Companies and governments borrow money through bonds. This allows these organisations to raise capital through investors. In exchange for money, the organisation will typically promise to pay back the investment made plus interest over a certain amount of time. The duration of a bond can be short, medium or long-term, but it’s usually for a number of years.
When investing through bonds, the investor is essentially lending a government or company money. In exchange for giving them cash, the investor regularly earns a fixed rate of interest. When the bond’s life comes to an end and reaches its maturity, the original cash put in should be repaid.
For investors, there are two ways to earn money through bonds. Investors can hold onto the bonds until the maturity date, collecting interest payments. Interest from bonds is typically paid twice a year. Investors can also sell bonds at a price higher than what was initially paid if the market conditions allow.
The best way to invest in bonds
Bond investments are best when investors have a lump sum to invest. They are often traded more during uncertain times. Bond prices often change when interest rates change. For example, when interest rates are low, bond prices typically increase.
Bond prices can also increase if the borrower’s credit risk profile improves. This means the company or government is more likely to be able to repay the bond at maturity, which typically causes bond prices to increase. Additionally, if interest rates on newly issued bonds fall, the value of existing bonds usually rise to a higher rate.
The risk involved with bonds
The risk level of bonds is considered to be between cash savings and shares. Bonds tend to be less volatile than shares and can potentially offer a steady income stream. However, it’s important to keep in mind that bonds can still fall in value.

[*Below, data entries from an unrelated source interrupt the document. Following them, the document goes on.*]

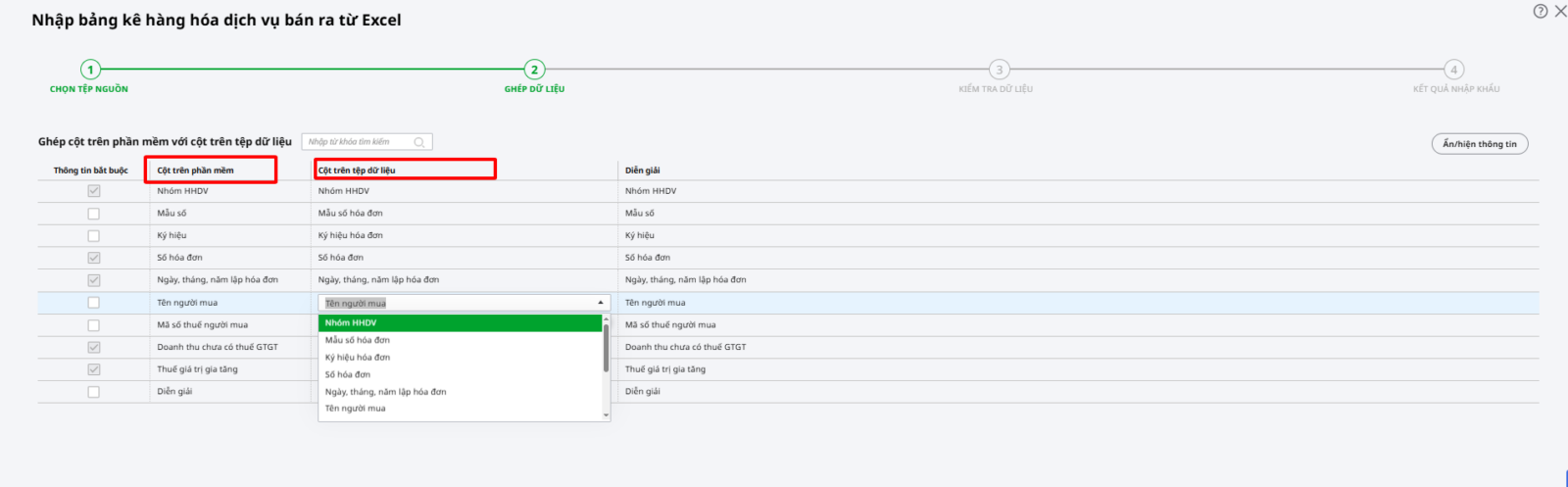 Bước 4Ghép dữ liệu: Tương tự như khi nhập khẩu danh mục có thể ghép được các cột dữ liệu trên file nhập khẩu và trên chương trình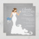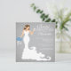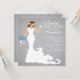 O convite para chá de casamento de noiva Na moda moderna apresenta uma noiva moderna chic brindando com um copo de vinho enquanto segura um belo buquê de flores para casamentos azuis escuras em um papel impresso em fundo de cinza com texto branco destacado. Nosso chá de panela moderno de noiva é perfeito para uma celebração popular de chás de panela de vinho. Visite nosso compro para ver este belo chá de panela em uma grande seleção de cores de buquê floral e diferentes variações de noiva.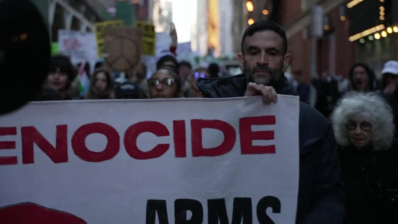Des manifestants à New York scandent "à bas l’occupation" pour dénoncer l’escalade en Iran information fournie par AFP Video 01/03/2026 à 09:17

The predominant risk with investing in bonds is that the organisation you’ve given money to could run into financial trouble. This could lead them to not being able to meet their interest payment obligations, and if the business goes under, you could lose all of the money you gave them.
Savings bonds, which are typically fixed term bank and building society accounts, are different to these kinds of bonds. Savings bonds are covered by the Financial Services Compensation Scheme in the UK, while government and corporate bonds are not.
When a company goes bust, bonds offer more protection to investors when it comes to getting their money back than shareholders. Bondholders have preferential treatment to be paid before shareholders, who receive only what is left after all creditors have been paid, but your investment isn’t guaranteed if the company goes into liquidation as there may be no money left to pay bond investors.
It’s recommended to receive professional financial advice when considering any kind of investment to ensure you find the best investment option for you.